▸ Work item
Each line in the records below, from the one that contains "Morelia, Michoacán.-Cuatro muertos" to the one that contains "La Tulipe bukanlah", should be reproduced exactly, the first and last included.

▸ Records provided

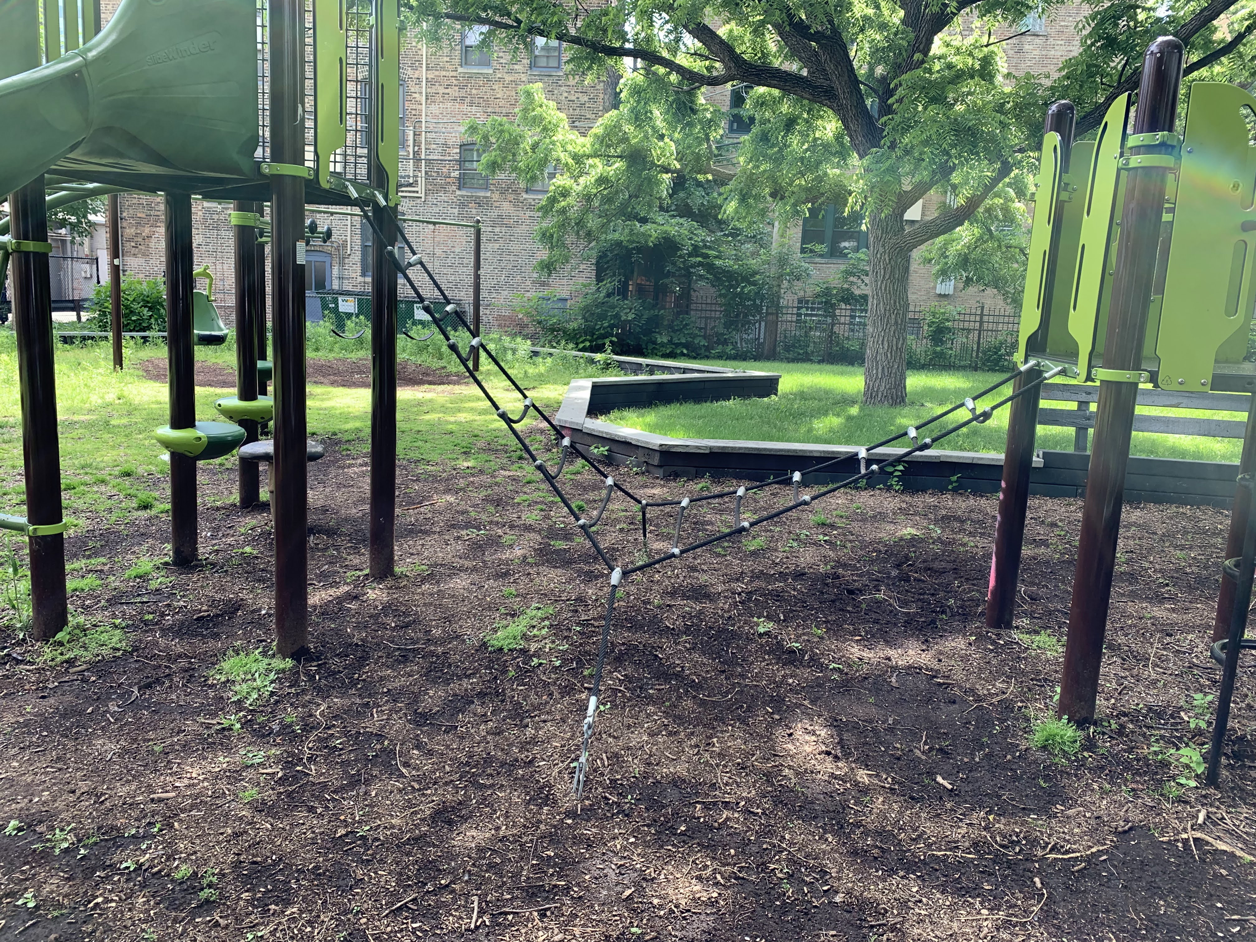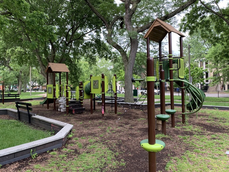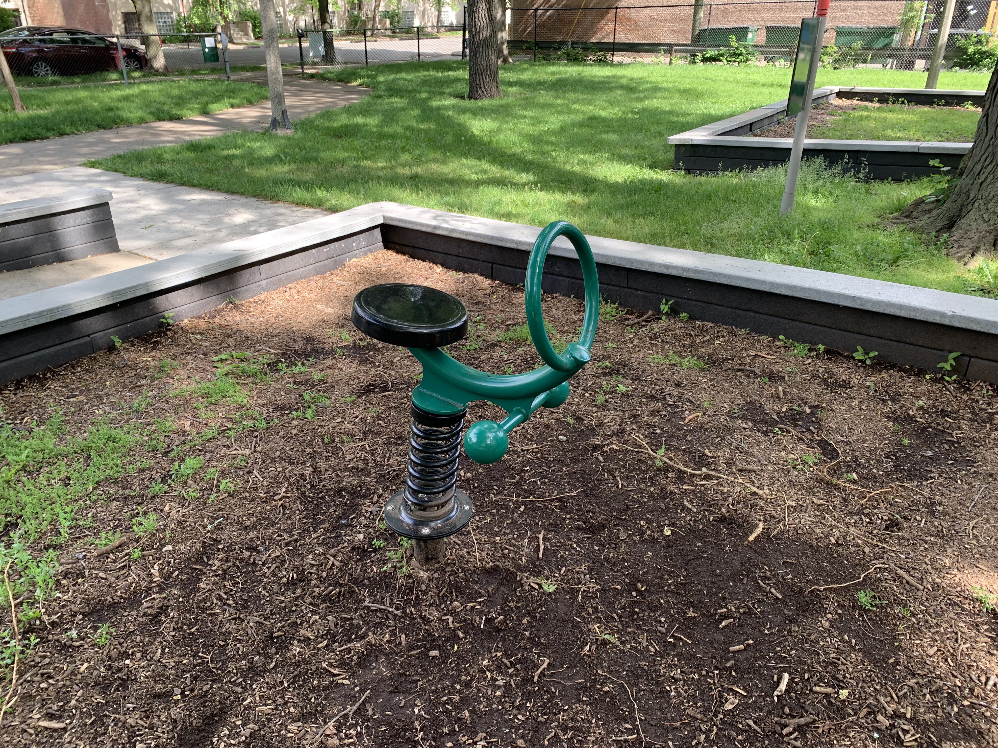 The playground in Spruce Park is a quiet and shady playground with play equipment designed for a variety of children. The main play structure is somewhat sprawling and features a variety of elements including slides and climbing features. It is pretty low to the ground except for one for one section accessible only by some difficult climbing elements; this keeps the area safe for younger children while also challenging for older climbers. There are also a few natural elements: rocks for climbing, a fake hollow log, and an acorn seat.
...
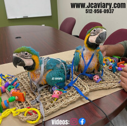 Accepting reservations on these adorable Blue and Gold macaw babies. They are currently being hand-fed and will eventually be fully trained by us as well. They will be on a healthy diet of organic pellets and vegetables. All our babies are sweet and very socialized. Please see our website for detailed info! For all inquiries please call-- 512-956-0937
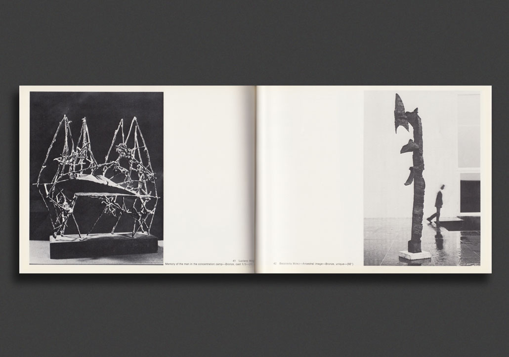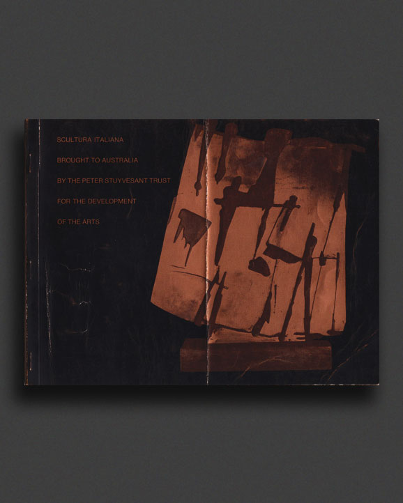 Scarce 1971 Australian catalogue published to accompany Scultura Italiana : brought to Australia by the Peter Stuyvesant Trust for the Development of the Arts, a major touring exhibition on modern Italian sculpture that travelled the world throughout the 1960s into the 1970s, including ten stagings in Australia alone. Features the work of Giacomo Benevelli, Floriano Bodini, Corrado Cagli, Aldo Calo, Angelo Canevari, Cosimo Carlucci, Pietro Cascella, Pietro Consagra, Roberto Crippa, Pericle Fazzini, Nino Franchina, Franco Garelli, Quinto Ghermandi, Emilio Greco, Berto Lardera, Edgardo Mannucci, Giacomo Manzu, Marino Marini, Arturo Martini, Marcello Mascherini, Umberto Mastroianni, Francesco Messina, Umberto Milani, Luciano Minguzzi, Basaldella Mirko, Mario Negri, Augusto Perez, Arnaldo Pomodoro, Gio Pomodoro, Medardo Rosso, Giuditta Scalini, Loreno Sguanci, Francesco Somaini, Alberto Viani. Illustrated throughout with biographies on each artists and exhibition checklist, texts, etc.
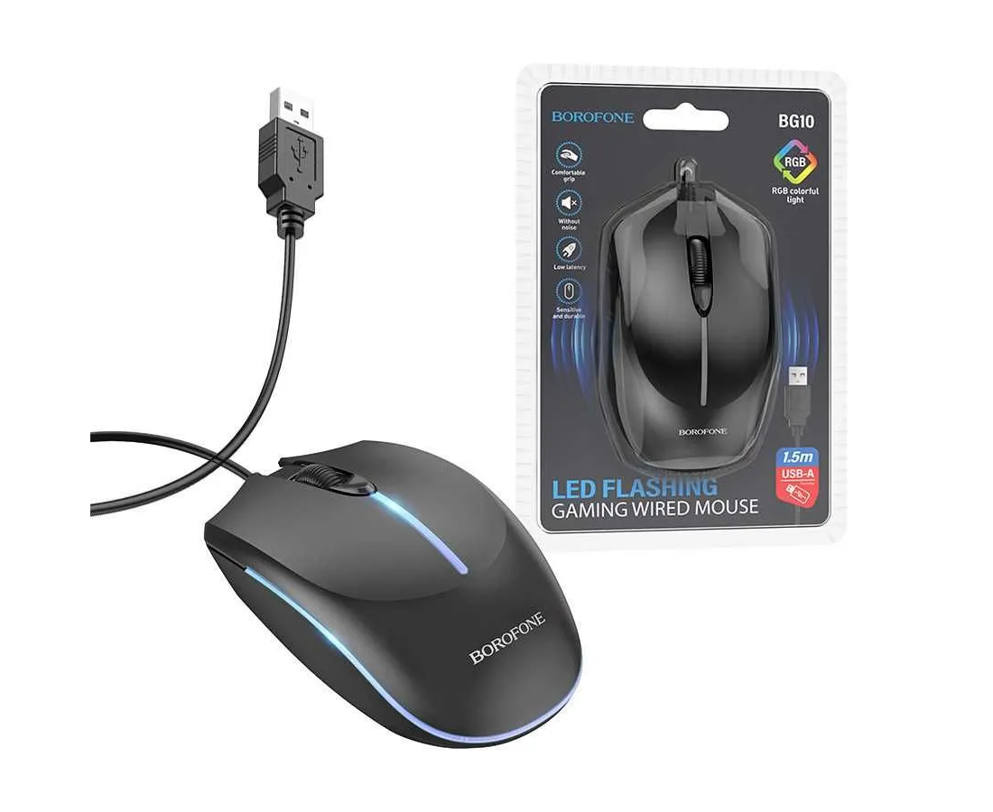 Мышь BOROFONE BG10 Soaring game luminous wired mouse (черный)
* * *
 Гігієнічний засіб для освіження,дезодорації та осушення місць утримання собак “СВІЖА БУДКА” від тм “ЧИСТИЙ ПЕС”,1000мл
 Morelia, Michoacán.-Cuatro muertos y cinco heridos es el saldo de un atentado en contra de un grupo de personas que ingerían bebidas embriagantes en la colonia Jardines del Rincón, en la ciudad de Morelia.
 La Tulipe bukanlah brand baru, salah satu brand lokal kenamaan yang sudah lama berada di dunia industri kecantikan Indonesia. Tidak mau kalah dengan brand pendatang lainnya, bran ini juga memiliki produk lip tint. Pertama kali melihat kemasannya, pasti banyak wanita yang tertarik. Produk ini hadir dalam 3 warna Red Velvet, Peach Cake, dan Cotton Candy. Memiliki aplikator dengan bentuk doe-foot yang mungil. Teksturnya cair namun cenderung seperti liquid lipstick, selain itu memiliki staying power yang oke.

▸ Answer to this exercise
 Morelia, Michoacán.-Cuatro muertos y cinco heridos es el saldo de un atentado en contra de un grupo de personas que ingerían bebidas embriagantes en la colonia Jardines del Rincón, en la ciudad de Morelia.
 La Tulipe bukanlah brand baru, salah satu brand lokal kenamaan yang sudah lama berada di dunia industri kecantikan Indonesia. Tidak mau kalah dengan brand pendatang lainnya, bran ini juga memiliki produk lip tint. Pertama kali melihat kemasannya, pasti banyak wanita yang tertarik. Produk ini hadir dalam 3 warna Red Velvet, Peach Cake, dan Cotton Candy. Memiliki aplikator dengan bentuk doe-foot yang mungil. Teksturnya cair namun cenderung seperti liquid lipstick, selain itu memiliki staying power yang oke.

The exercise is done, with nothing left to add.